Frequently Asked Questions

What is the difference between BFS and DFS for graph path finding?
BFS explores nodes level by level using a queue, finding the shortest path in unweighted graphs. DFS explores as deep as possible along each branch using a stack or recursion. Both have O(V + E) time complexity, but BFS is preferred when you need the shortest path while DFS uses less memory on wide graphs.
Why do we need a visited set when traversing graphs?
Unlike trees, graphs can contain cycles. Without a visited set, the algorithm would loop endlessly between nodes that point to each other. For example, if AUS points to IAH and IAH points back to AUS, the BFS queue would grow indefinitely without tracking which airports have already been processed.
What is the time complexity of BFS on a graph?
The time complexity is O(V + E) where V is the number of vertices (nodes) and E is the number of edges. Each vertex is visited at most once due to the visited set, and each edge is examined at most once when exploring a vertex's neighbors.
What is the space complexity of BFS on a graph?
The space complexity is O(V) for both the visited set and the queue. In the worst case, all vertices could be in the queue simultaneously (a star graph), and the visited set will eventually hold all reachable vertices.
What is an adjacency list and how does it represent a graph?
An adjacency list represents a graph as a map where each key is a node and its value is a list of nodes directly reachable from it. For a flight graph, the key is an origin airport code and the value is the list of non-stop destinations. This representation uses O(V + E) space and is efficient for sparse graphs.
How does this problem differ from path finding in a tree?
Trees are acyclic connected graphs with exactly one path between any two nodes, so you never need cycle detection. General graphs can have cycles, disconnected components, and multiple paths between nodes. Graph traversal requires a visited set to avoid infinite loops, which tree traversal does not.
Can DFS be used instead of BFS for this problem?
Yes. Both BFS and DFS can determine reachability with the same O(V + E) time complexity. DFS uses recursion or an explicit stack instead of a queue. BFS is slightly more natural here because it explores airports in order of how many connections away they are, but DFS works equally well for a simple reachability check.
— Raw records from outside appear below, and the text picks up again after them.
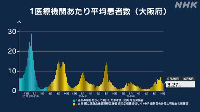 (本日更新2)<新型コロナ情報(厚労省から毎週金曜日(10/10)発表の最新情報)>地元大阪府で、先週1週間(9月29日〜10月5日)に報告された新型コロナウイルスの定点医療機関あたりの患者数は、全国的にも引き続き減少傾向になりました。インフルエンザは引き続き増加傾向です。(大阪府平均3.90→3.27人、全国平均5.87→4.82人)(参考:インフルエンザ患者数 大阪1.21→1.66人、全国平均1.04→1.56人)まだまだ外出の際は、状況に応じて適切な感染予防対策の実施が必要です!!地元大阪府の1医療機関あたり平均患者数(NHKのサイトから抜粋)全国平均(NHKのサイトから抜粋)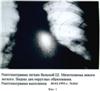 Однако в октябре 1992 г. вновь почувствовала себя хуже, появилась одышка, повысилась температура. Больная была обследована и у нее были выявлены метастазы в левое легкое. Лучевая и химиотерапия больной были не показаны и больная была выписана на амбулаторное лечение.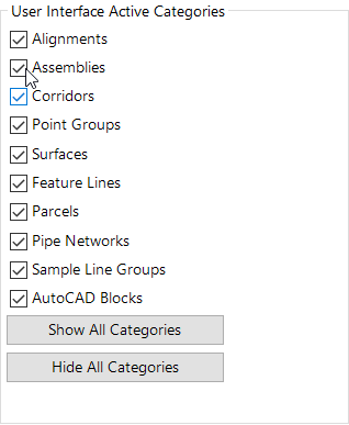 When undertaking certain tasks in Project Explorer, it is sometimes preferable to disable or hide any Civil 3D Object Categories from the Project Explorer window which are not in use.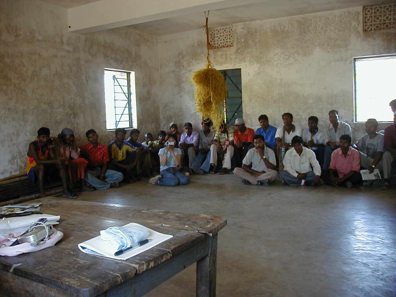 子どもたちのためのシェルター建設予定地に行く。すでに十数名の住民たちが待ってくれていた。シェルターの建設自体は、一昨年冬に来た時と比べてほとんど進んでいなかった。大きな樹の木陰に車座になって話を始める。マスコミも1人来ているそうだ。住民の説明によれば、まず敷地境界を示すための塀を作っているとのこと。今後は、インターネットのメールを使って情報のやりとりを密にし、工事の進行を監視する委員会を作るとのことで、僕もメンバーに入ることを了承する。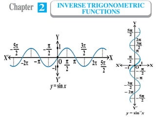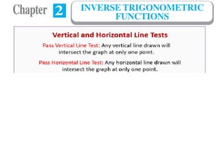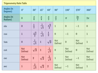 The document outlines the domains and ranges for various trigonometric functions, including sine, cosine, tangent, secant, cosecant, and cotangent, along with their inverse functions. It highlights which functions are one-to-one and not one-to-one, specifying the restrictions for each. Additionally, it provides mathematical representations for these functions and their inverses.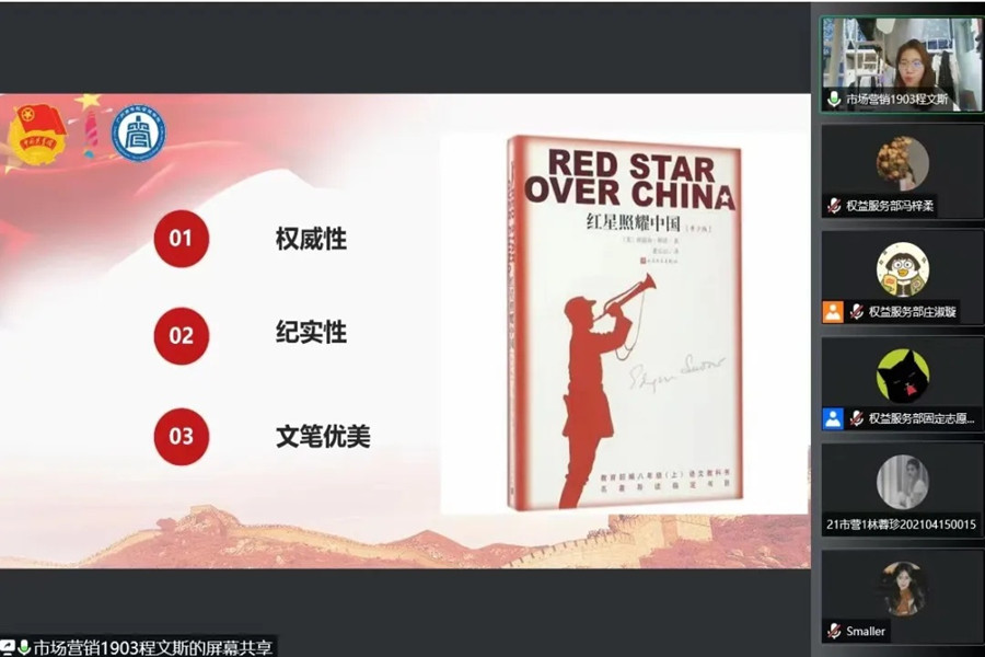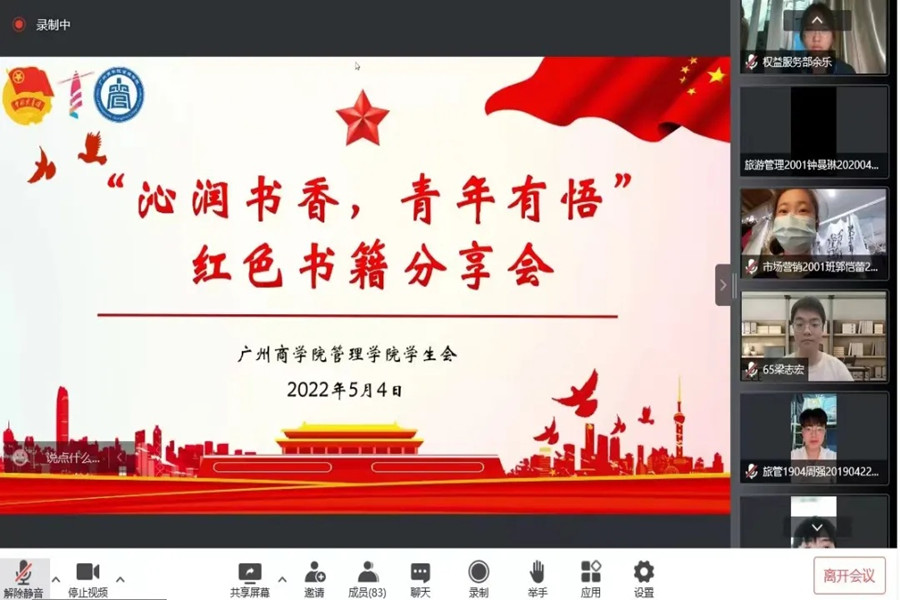 在分享会环节中,由程文斯、杨婉琳、梁志宏、周强、温兆宇五位分享者依次进行了心得分享,分别围绕《红星照耀中国》、《习近平与老员工朋友们》、《四世同堂》以及《毛泽东选集》进行了精彩的讲述,且结合了“五四精神”说出自身感想。让同学们深刻感受了党在这一百年走过的不平凡的道路,感受了无数革命先烈和伟人不畏艰险,攻坚克难的信念和勇气,更使同学们认识到今天幸福生活的来之不易。同时,更加坚定了新一代青年永远跟党走、为国做贡献的决心。在互动环节,观众踊跃参加,分享自身对书籍内容更加深入的理解,引起共鸣。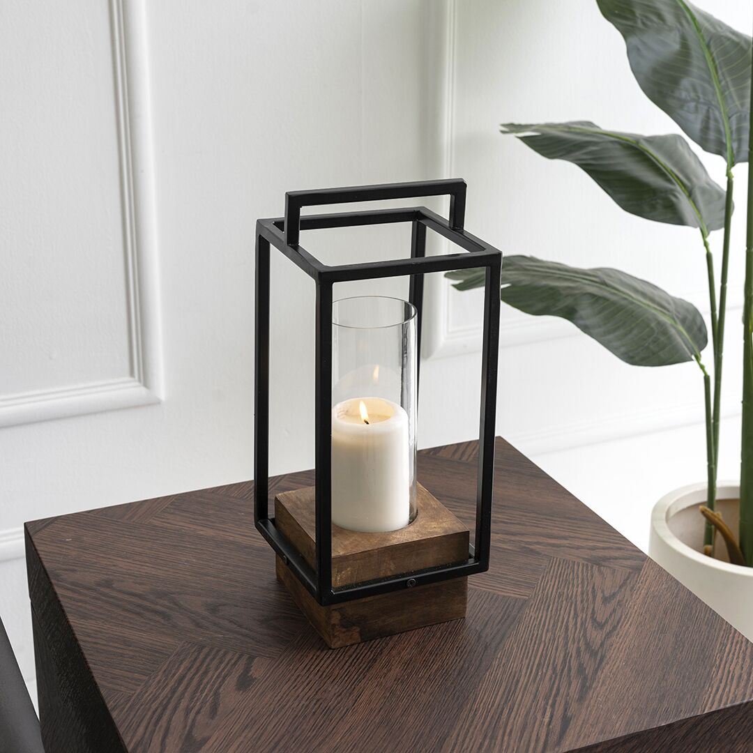 Keeth Wooden Metal Candle Holder- 15 cm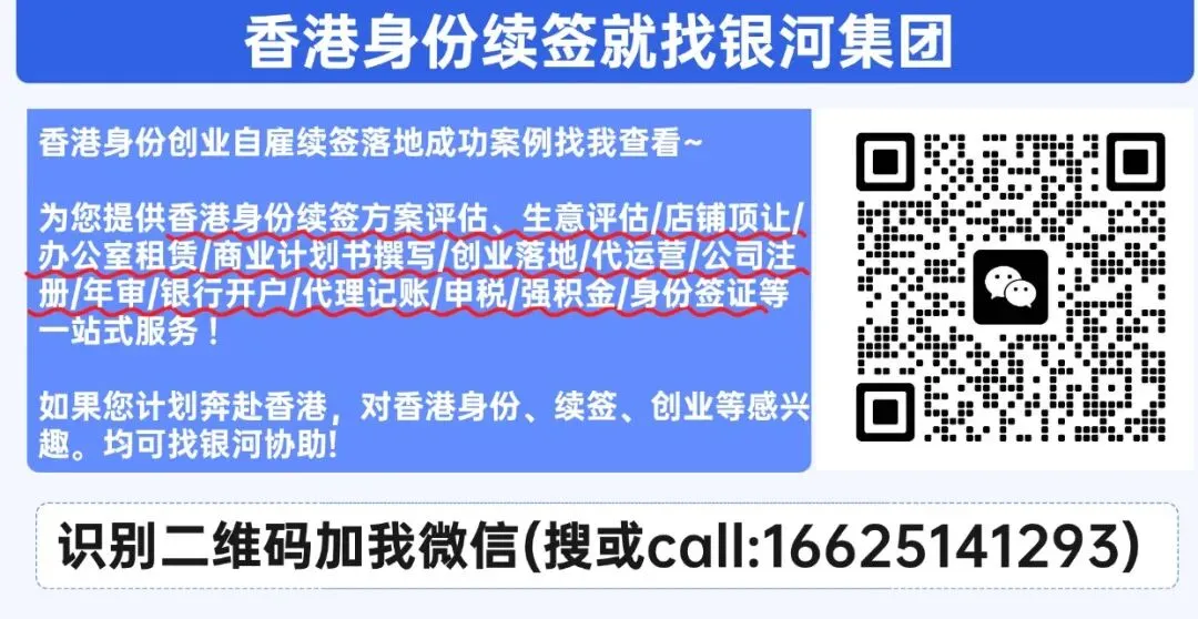 香港身份申请、续签、永居、香港创业、公司注册、真实独立地址、年审报税、缴纳强积金、变更信息、银行开户、香港教育、孩子插班等就找银河,只专注香港。国内top品牌,和港府深度合作!大公司有保障。联系我(微信and电话16625141293)安排专业规划老师一对一服务
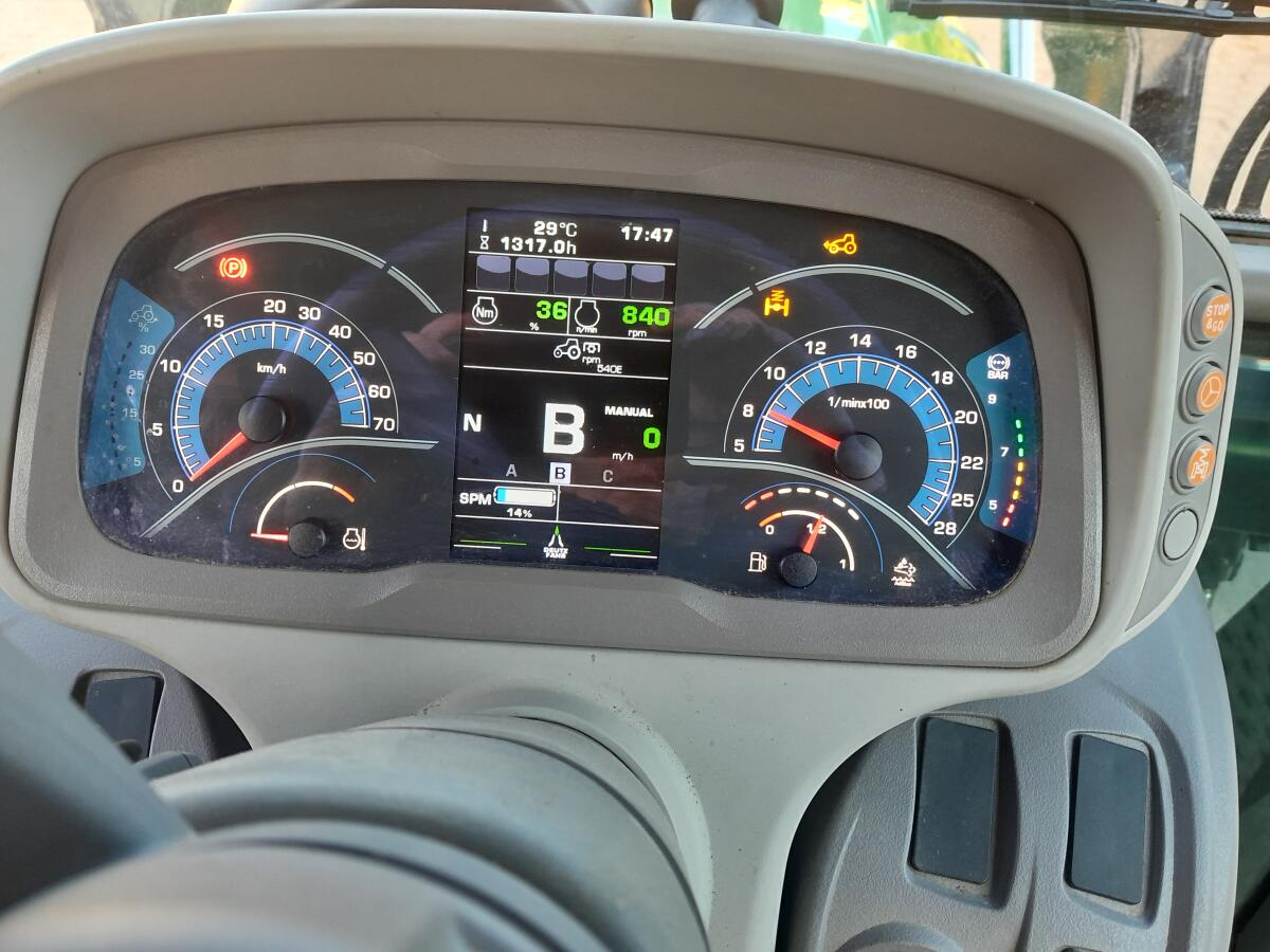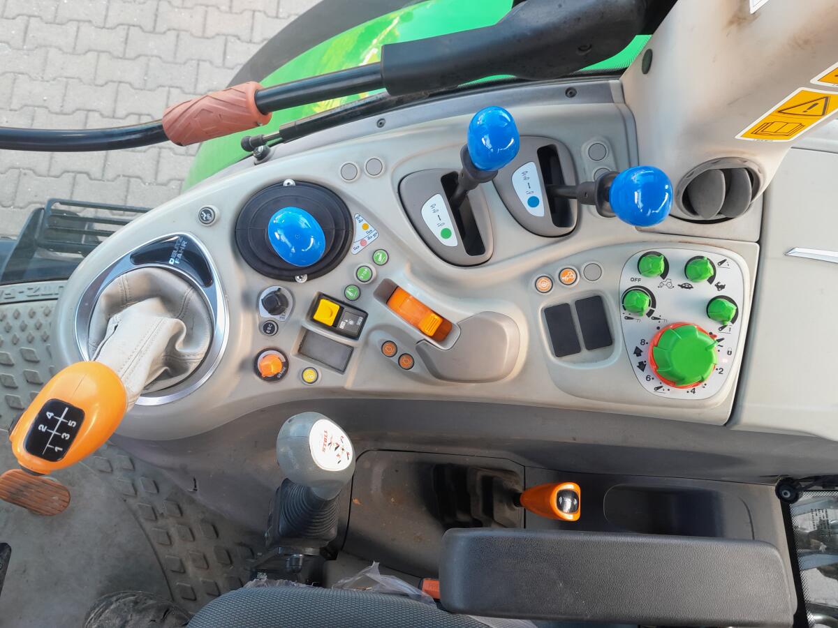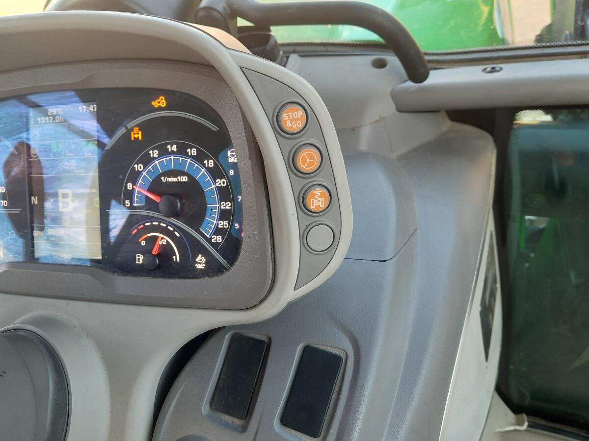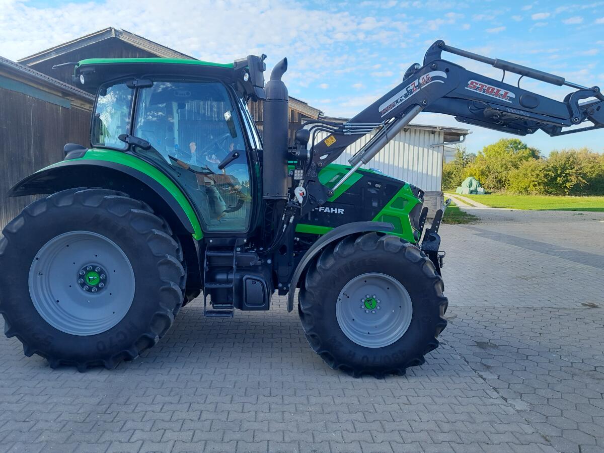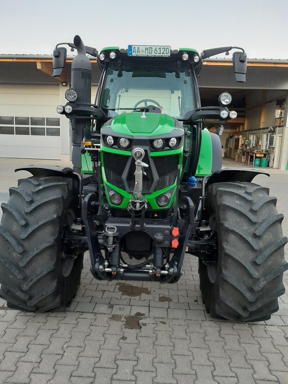 Deutz Fahr 6120, Lastschaltgetriebe 30V 30Rw Gänge, 3 Lastschaltstufen, Stopp&Go, SSD, LoadSensing, Vorbereitung für I Monitor, Kamera und Spurführung. Wurde als Pflegeschlepper eingesetzt.

What happens if the origin airport is not in the adjacency list?
If the origin is not a key in the adjacency list, it means there are no outbound flights from that airport. The algorithm handles this gracefully using getOrDefault (Java) or equivalent methods that return an empty list, so no neighbors are added to the queue and the method returns false.
How would you modify the algorithm to find the shortest route?
BFS naturally finds the shortest path in an unweighted graph. To track the actual route, maintain a parent map that records which airport led to each discovered airport. Once you reach the destination, backtrack through the parent map from destination to origin to reconstruct the path.
What are real-world applications of graph reachability algorithms?
Graph reachability is used in social networks (can user A reach user B through connections), network routing (is server A reachable from server B), dependency resolution (can package A satisfy all its dependencies), garbage collection (is an object reachable from a root reference), and transportation planning (can you travel from city A to city B).